I'm dying to catch a Marlin or a big tuna. Done a lot of bottom charters but only one trolling trip. It was in St Lucia on my honeymoon. Convinced the wife to go and the scenery and all was awesome. ..we were in about 3000 ft of water in 5 mins out of port between the two islands. The fishing. ..not so good. Had to rotate out of the chair every 5 mins. Wouldn't you know it...as soon as my turn was over. ...fish on.huge tuna but it broke off prior to getting back around to me. Trying to talk the wife into a trip to cabo. Since joining this forum. ..kinda itching to go to Venice on those oil rigs. Sounds awesome.


----------



## swamp hunter (May 19, 2012)

I spent almost 15 Years running all kinds of Boats thru the Keys , Bahamas ,
Lived in  Bimini for a bunch of months on and off waiting for Charters to arrive from the States Lived  in Ft. Lauderdale where the Gulfstream is right out the Door forever. Been going to the Keys since I was old enough to drive .
Lived in Chokoloskee Island for another 10 .
Only real thing on My bucket List is something I,ve already done.
 A month back at Walkers Cay .

And If,n I could a couple Guys on the same page I,d do a Costa Rico Snook Trip , Really just to do something different..Cause I,ve already caught a Million Snook.
 At times I Fished so much I didn,t care if the Fish were crossing the Road.. I didn,t want another one .

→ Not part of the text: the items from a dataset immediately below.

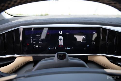 用料方面,手能触摸到的地方基本都是软的皮质,触感不错,中控台上方也大面积采用了环保麂皮包覆,车厢的档次感营造不错。车上的氛围灯也挺有意思,采用的是长短不一的竖条形式,贯穿中控台与两侧车门板,可以联动空调、音乐、语音等,也可通过模拟声纹、呼吸、流水变化等表达“情感”,交互上更有仪式感。
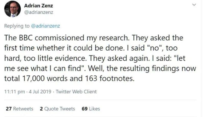 原来,本名Adrian Zenz、挂着学者名头的“郑国恩”,被西方媒体称作是“西方研究西藏以及新疆少数民族的权威专家”,实际上却是毕业于神学院的神秘人物。
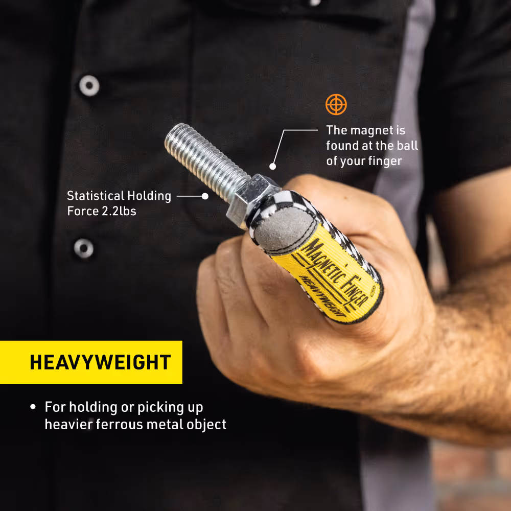 The Heavyweight Magnetic Finger is built for larger, heavier metal objects like cylinder head bolts and lug nuts—ideal for diesel and tractor mechanics. It combines the Original’s design with a stronger magnet and the Industrial Finger’s end cap to prevent glove shift under heavy loads, ensuring precise control and reliable grip.
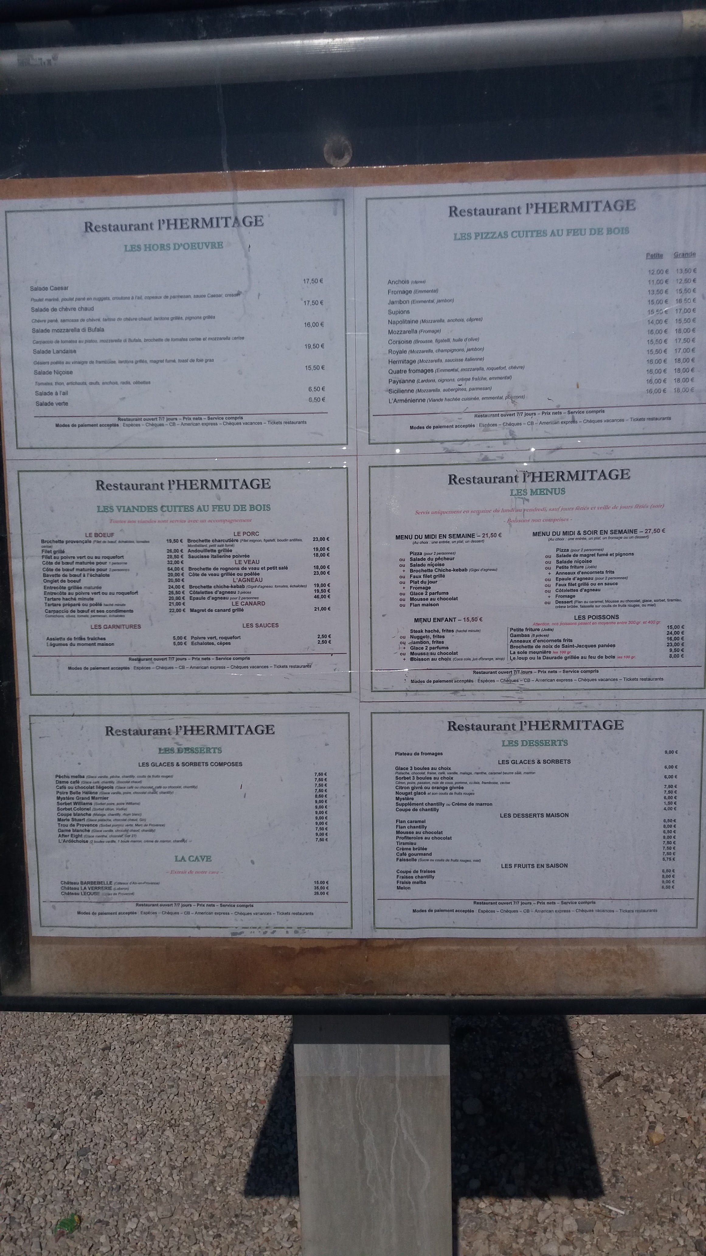 Mon évaluation datée d’il y’a Trois années je suis venu la modifier. Première visite à L’hermitage il y a 16 ans j’y vais 3-4 fois par an peut être pas un gros clients mais le service de hier était plus que lamentable, vite installé on nous presse pour commander puis le néant, les cocktail sont vide plus de glaçons que de boissons à 10€ le coktail on est vraiment dans de la rentabilité le plus mauvais de plus que j’ai bu sur les 10 dernières années manque même de sucre les plats ma fille a était servie elle avait fini que nous n’étions pas servi25 minutes avant nous mon fils et moi avons partagé une assiette de charcuterie et une pizza le temps d’attente entre les deux plats plus de 45 minutes on nous avait oublié d’ailleurs la pizza on se passera de commentaires pour le dessert avant de prendre notre commande il se passe encore 25 minutes Bref le repas horrible le repas de trop et osé me demander si ça a était je pense d’ailleurs ça se voyait à nos mines déconfites et on nous demande à quelle heure sommes nous arrive quand je lis les commentaires sur les 3 derniers mois ça va dans mon sens il faut se ressaisir c’était le restau ou j’avais amené ma femme a notre première rencontre mais la c’est la dernière fois une note à 120 balle voir un peu plus qui ne les vaux très certainement pas la gentillesse du personnel seul point positif mais dommage on a était les oubliés de la soirée
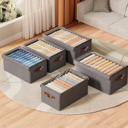 Generic - جيني منظم ادراج ملابس خشبي عصري من المعدن بلون رمادي مع غطاء وتصميم عصري او ام
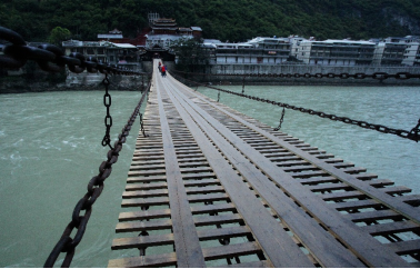 我常常会想“大渡桥横铁索寒”是怎样一种气魄与雄壮,直到我站在摇晃的铁索之上,俯视湍急的江水,处于索桥相对水流向上游横向移动的错觉和眩晕之中时,我才真的感受到当年飞夺泸定桥的22位勇士是何等的无畏与英勇,才知晓对于革命理想的坚定与信仰是一种何等的力量。
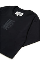 Cropped crew-neck T-shirt in short-sleeved jersey. Institutional logo in color tone on the front. Iconic seam on the back. Made of 100% cotton.

 I,m kinda into Dry Ground Deer Huntin now , Cause I didn,t have much of that in My Life . Kinda Funny how it works.


----------



## Toona Dog (May 20, 2012)

What is the name of this charter for $350. All of them I am finding are at least $550.

Thanks


----------



## redneck_billcollector (May 20, 2012)

I use the Mexi-time, and a couple of other ones, you do not book online, go down to the marina the day before you want to fish and you haggle.  If they are not booked for the next day they will lower their price.  I have actually had two different boats get in a bidding war for my charter.  Heck, if you go to one of the timeshare presentations you can get a free charter (at least some of them).  Never book through your hotel or any other agency, you will pay upwards to 200 + extra.  I have never had a problem getting charters down there the night before.  I normally go in August which is kinda an off month (really hot), but it has the most varieties of fish, all your billfish, the dorado and wahoo are there in force, tuna and yellowtail are everywhere too.


----------



## tinydaniel78 (May 28, 2012)

Knocked one off of my list yesterday, finally landed a mammoth tarpon in key west.


----------



## redneck_billcollector (May 28, 2012)

redneck_billcollector said:


> I use the Mexi-time, and a couple of other ones, you do not book online, go down to the marina the day before you want to fish and you haggle.  If they are not booked for the next day they will lower their price.  I have actually had two different boats get in a bidding war for my charter.  Heck, if you go to one of the timeshare presentations you can get a free charter (at least some of them).  Never book through your hotel or any other agency, you will pay upwards to 200 + extra.  I have never had a problem getting charters down there the night before.  I normally go in August which is kinda an off month (really hot), but it has the most varieties of fish, all your billfish, the dorado and wahoo are there in force, tuna and yellowtail are everywhere too.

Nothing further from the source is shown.